Usage: urify [-help] [mode] ...
Options:
-help show this help message
Modes:
keys Retrieve keys from the query string, one per line.
values Retrieve values from the query string, one per line.
params Key=value pairs from the query string (one per line)
path Retrieve the path (e.g., /users/me).
apex Retrieve the apex domain (e.g., github.com).
fqdn Retrieve the fully qualified domain name (e.g., api.github.com).
json JSON encode the dissected URL object.
filter Refine URLs using component filters.
-
keys:
$ cat urls.txt | urify keys search id product-id name
-
values:
$ cat urls.txt | urify values query 123 29 powder
-
params:
$ cat urls.txt | urify params search=query id=123 product-id=29 name=powder
-
apex:
$ cat urls.txt | urify apex example.com spaghetti.com example.org cartel.net
-
fqdn:
$ cat urls.txt | urify fqdn sub.example.com mom.spaghetti.com blog.example.org shop.cartel.net
-
json:
echo "http://bob:secret@sub.example.com:80/file%20name.pdf?page=10" | urify json
{ "scheme": "http", "username": "bob", "password": "secret", "subdomain": "sub", "domain": "example", "tld": "com", "port": "80", "path": "/file%20name.pdf", "raw_query": "page=10", "query": [ { "key": "page", "value": "10" } ], "fragment": "", "apex": "example.com", "fqdn": "sub.example.com" }
2. Advanced Filtering:
$ urify filter -help
Refine URLs using component filters.
By default, the command treats provided filters as an allow-list,
evaluating just one parameter from a specified field.
To assess all components, add the `-absolute` flag.
For a deny-list approach, incorporate the `-inverse` flag.
After evaluation, the default result is the URL.
For specific URL dissected object, pair the `-dissect` option with any one of:
`keys` | `values` | `params` | `apex` | `fqdn` | `json`
Usage: urify filter [-help] [-scheme SCHEME [...]] [-sub SUB [...]] [-domain DOMAIN [...]] [-tld TLD [...]] [-ext EXT [...]]
[-port PORT [...]] [-apex APEX [...]] [-fqdn FQDN [...]] [-inverse] [-absolute] [-dissect MODE]
Options:
-help show this help message
-scheme SCHEME [...] The request schemes (e.g. http, https)
-sub SUB [...] The subdomains (e.g. abc, abc.xyz)
-domain DOMAIN [...] The domains (e.g. github, youtube)
-tld TLD [...] The top level domains (e.g. in, com)
-ext EXT [...] The file extensions (e.g. pdf, html)
-port PORT [...] The ports (e.g. 22, 8080)
-apex APEX [...] The apex domains (e.g. github.com, youtube.com)
-fqdn FQDN [...] The fully qualified domain names (e.g. api.github.com, app.example.com)
-inverse Process filters as deny-list
-absolute Validate all filter checks
-dissect MODE Dissect url and retrieve mode after filtering
Modes:
keys|values|params|path|apex|fqdn|json
-
filter by scheme:
$ cat urls.txt | urify filter -scheme https https://sub.example.com/literally%20me.jpg#top
-
filter by domain:
$ cat urls.txt | urify filter -domain example https://sub.example.com/literally%20me.jpg#top http://blog.example.org:8443/new%20blog?id=123
-
filter and dissect:
$ cat urls.txt | urify filter -ext pdf jpg -dissect apex example.com spaghetti.com
-
filters as deny-list:
$ cat urls.txt | urify filter -ext html -inverse https://sub.example.com/literally%20me.jpg#top http://mom.spaghetti.com:8080/cookbook.pdf?search=query http://blog.example.org:8443/new%20blog?id=123
-
validate all filters:
$ cat urls.txt | urify filter -tld com -port 8080 -absolute http://mom.spaghetti.com:8080/cookbook.pdf?search=query
📝 Notes:
- By default, the
filter
command treats the provided filters as an allow-list.

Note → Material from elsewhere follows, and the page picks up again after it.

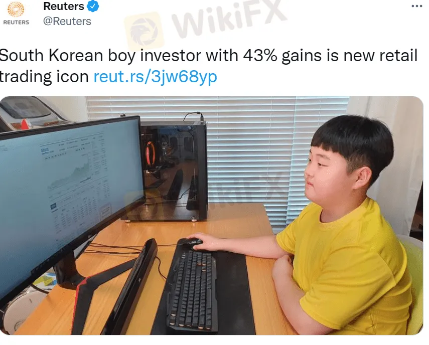 據《路透社》報導,韓國12歲的青少年權俊(Kwon Joon)2020年4月看電視時,聽到財經名嘴說“這是10年難得一見的投資機會”,便說服父母動用2500萬韓元(約人民幣13.5萬元)作為初始資金,買入三星電子、現代汽車等績優藍籌股,結果大賺43%。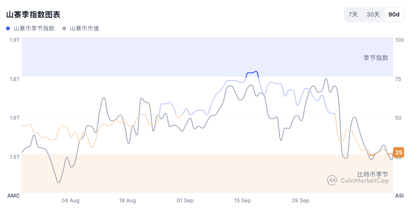 据 CoinMarketCap 数据显示,CMC 山寨币季节指数维持在 25。该指数显示在过去 90 天内,市值前 100 加密货币中约 25 个项目涨幅超越比特币。

But if you're feeling a little naughty, use the-inverse
flag for a deny-list approach. - If you're the meticulous type and want to validate every single filter parameter, add the
-absolute
flag to your command. No stone unturned! - After all the filtering shenanigans, if you just want the URL, we'll give it to you. But if you're in the mood for something special, pair the
-dissect
option with any one of the listed choices.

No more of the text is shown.